Quote the listing in full, exactly as given, minus any pictures.

▶ Dataset extract:
******

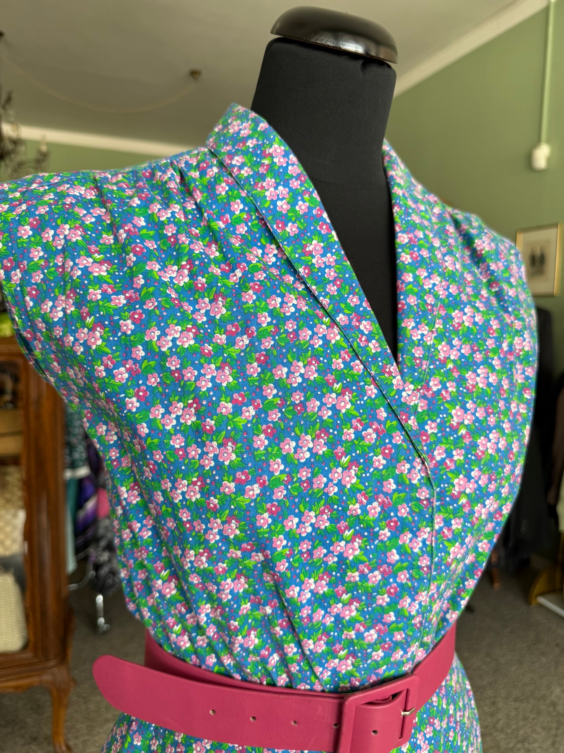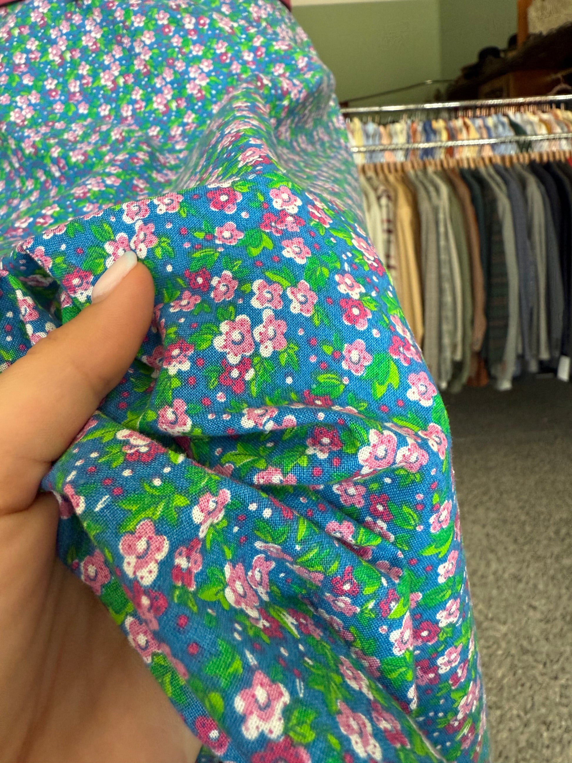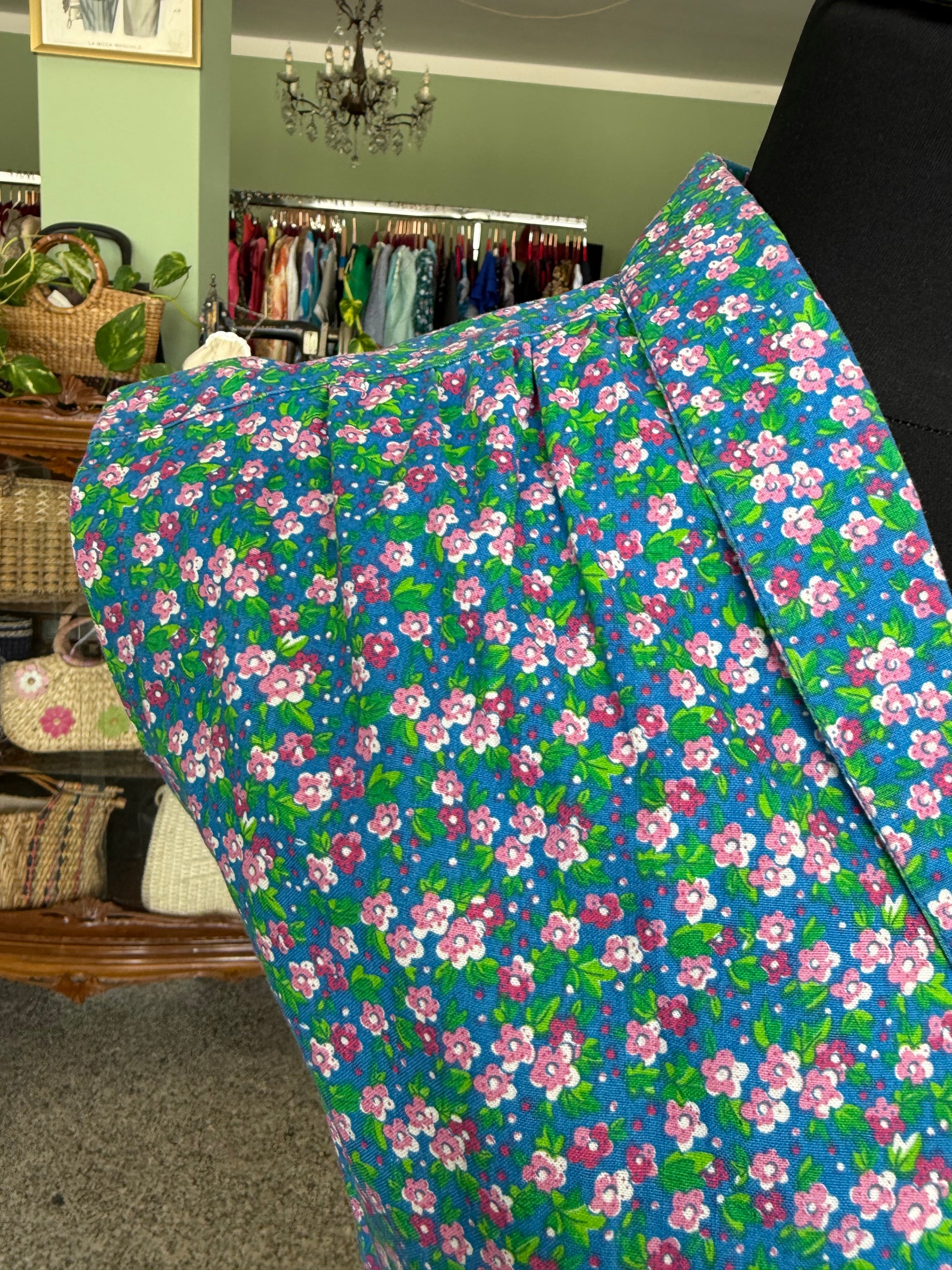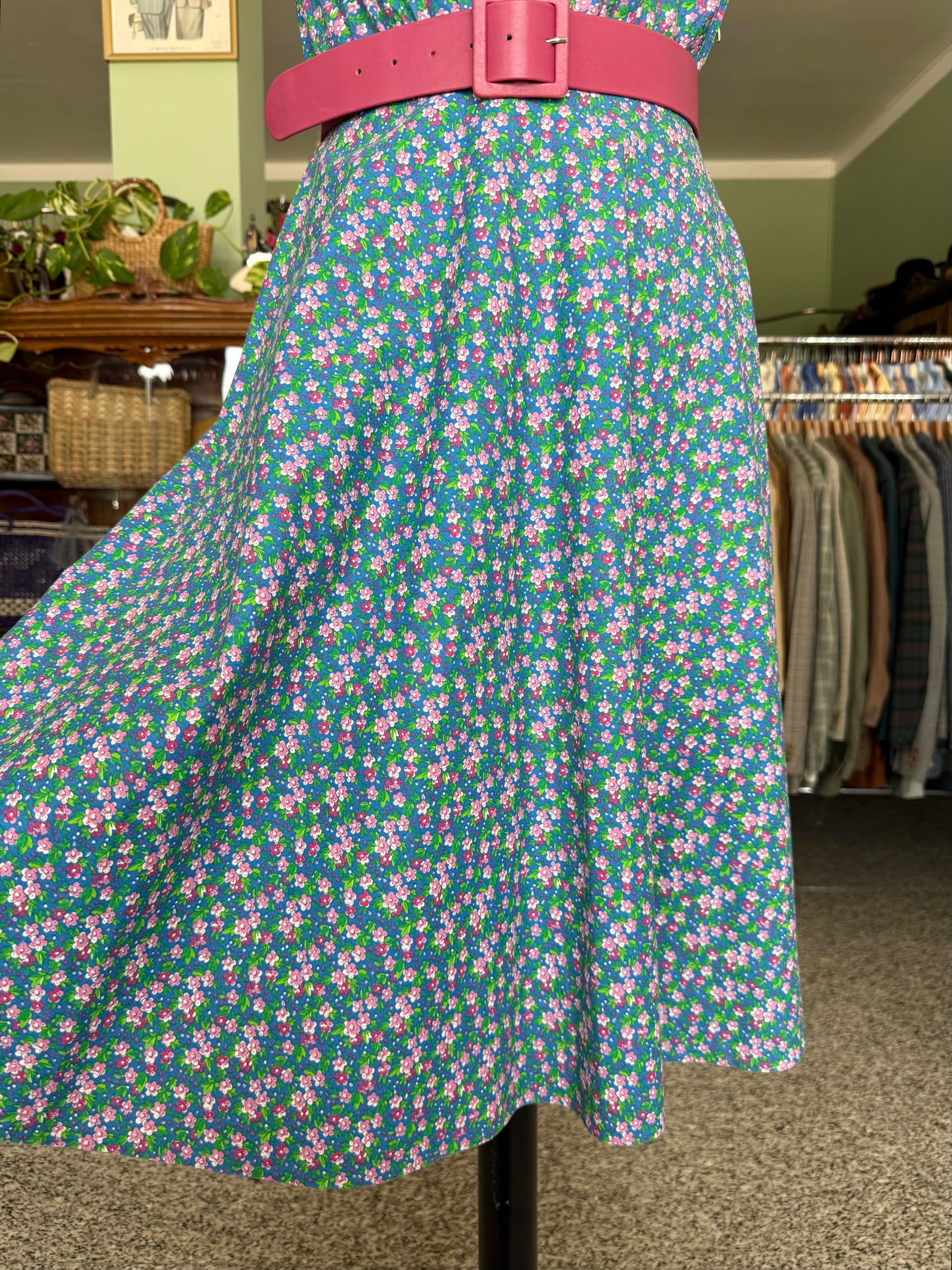 Abito sartoriale della fine degli anni ‘60, in puro cotone azzurro con micro fantasia floreali sui toni del rosa. Modello con vita segnata e gonna svasata, femminile ed elegante. Scollo a V e zip laterale, sul fianco.
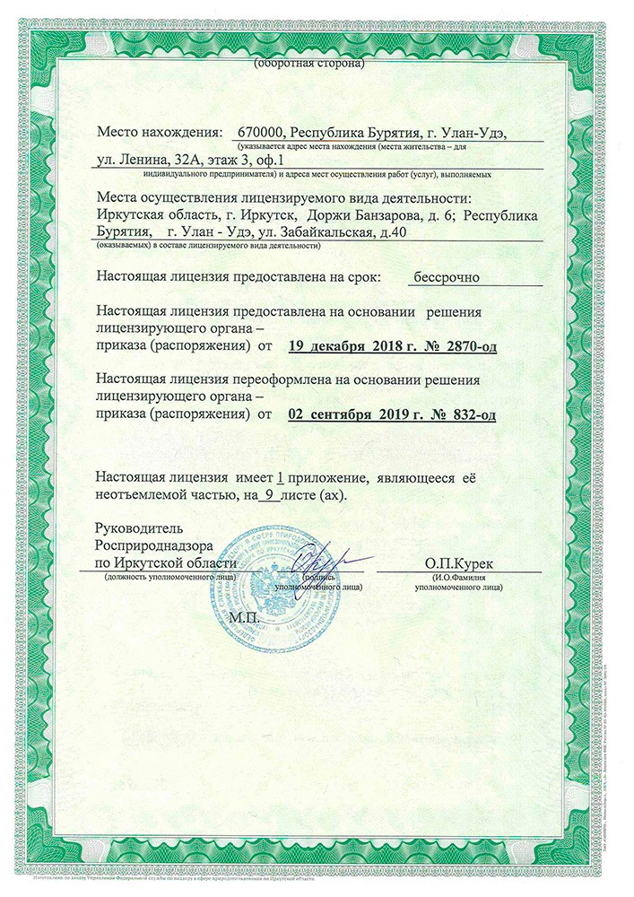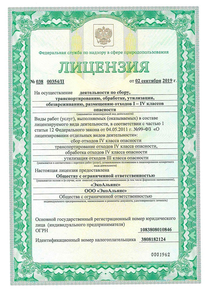 Скачать лицензию на осуществление работ ООО «ЭкоАльянс»
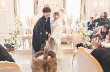 賑やか楽しい雰囲気でゲストの方々に楽しんでいただくことを意識しました。 まず、和装に着替えて入場し、ケーキ入刀の代わりに、餅つきを行いました。 お色直し後の再入場では、ゲストの方にペンライトやうちわを持ってもらい、歌いながら入場しました。 席札やプロフィールブック、動画など、手作りできるものは全て手作りし、私たちらしい・オリジナリティ溢れる披露宴になったと思います。

******

▶ Completed task:
 Abito sartoriale della fine degli anni ‘60, in puro cotone azzurro con micro fantasia floreali sui toni del rosa. Modello con vita segnata e gonna svasata, femminile ed elegante. Scollo a V e zip laterale, sul fianco.
 Скачать лицензию на осуществление работ ООО «ЭкоАльянс»
 賑やか楽しい雰囲気でゲストの方々に楽しんでいただくことを意識しました。 まず、和装に着替えて入場し、ケーキ入刀の代わりに、餅つきを行いました。 お色直し後の再入場では、ゲストの方にペンライトやうちわを持ってもらい、歌いながら入場しました。 席札やプロフィールブック、動画など、手作りできるものは全て手作りし、私たちらしい・オリジナリティ溢れる披露宴になったと思います。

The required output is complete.